The Toronto Maple Leafs are not happy with Caps' Lars Eller

On Saturday, the defending Stanley Cup champion Capitals faced off against one of the hottest young teams in the NHL, the Toronto Maple Leafs. It was viewed as a marquee matchup and it certainly lived up to its billing with both teams battling in a tight, well-played game.

In the end, Toronto walked away as the 4-2 victors in one of their better wins of the young season, but not everyone left that game impressed.

A team that already boasted super-star talent Auston Matthews added John Tavares in the offseason as a free agent giving the Maple Leafs a formidable one, two punch at center. For most of the game, the Caps were able to shut down that center tandem.

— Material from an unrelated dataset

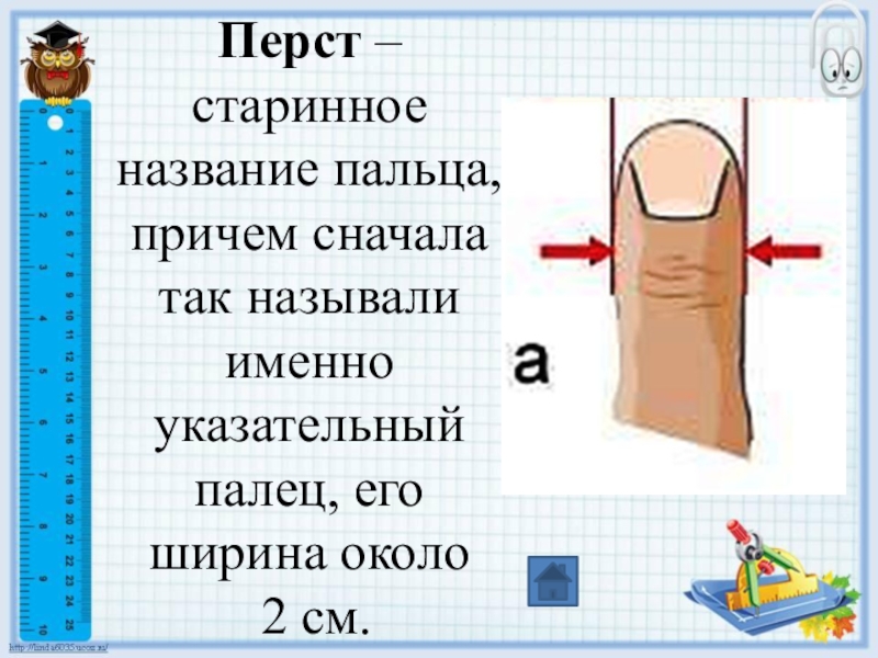 Перст – старинное название пальца, причем сначала так называли именно указательный палец, его ширина около  2

Lars Eller was asked after the game how the Caps were able to keep the Leafs’ big stars in check and he indicated that perhaps Tavares and Matthews were not as formidable a pair as they had been made out to be.

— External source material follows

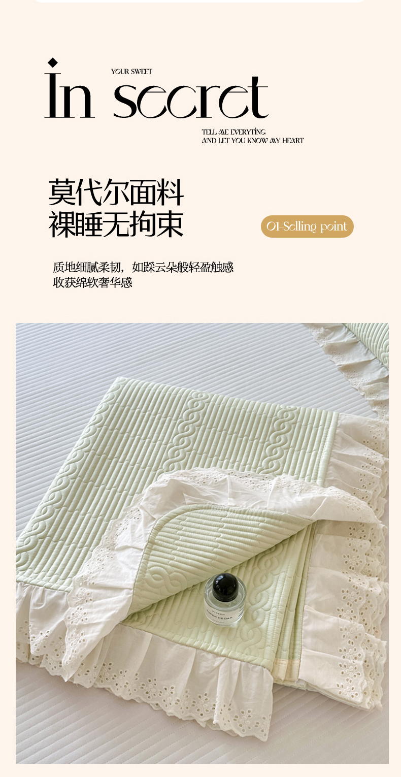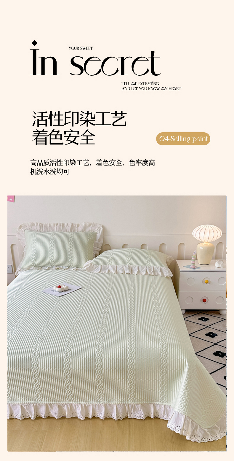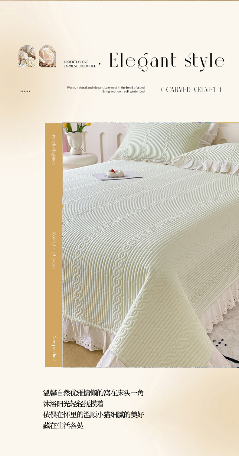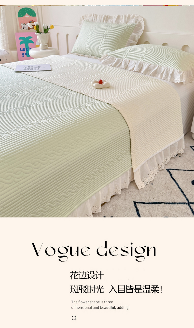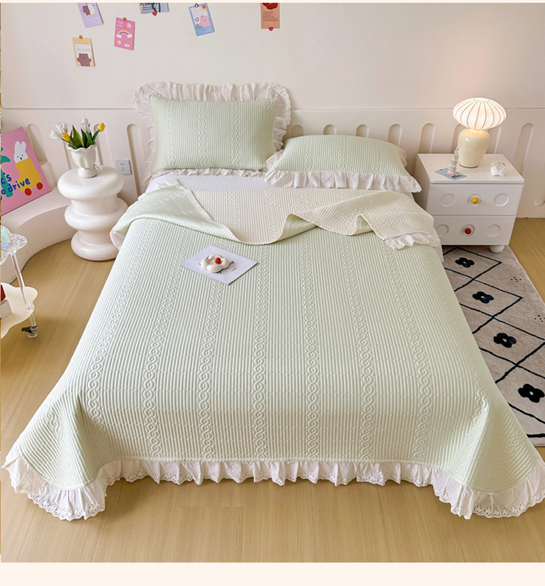 • 91家纺网 家纺一手货源 找家纺 (总)岚吉 2025新款莫代尔纯色小花边床盖三件套,白桃粉,海风蓝,皓月黄,奶油绿,天青色,珍珠灰

“We’re used to playing against [Sidney Crosby] and [Evgeni Malkin],” Eller said. “Everything kind of drops from there so it’s not that special. It’s a good team like a lot of others. They’ll probably be a playoff team, I think.”

Not surprisingly, that quote caught Toronto’s attention, especially forward Nazem Kadri.

Per Sportsnet’s Chris Johnston, Kadri called Eller’s comments “bulletin board material.”

With 12 points in seven games, the Maple Leafs currently boast the top record in the league. Toronto is far from perfect, however, and their defense remains a major question mark in whether this team is a true Stanley Cup contender.

But as to whether or not they are a playoff team? That seems like a pretty safe bet.

The Caps and Maple Leafs will meet twice more this season on Jan. 23 and Feb. 21. Both games are in Toronto.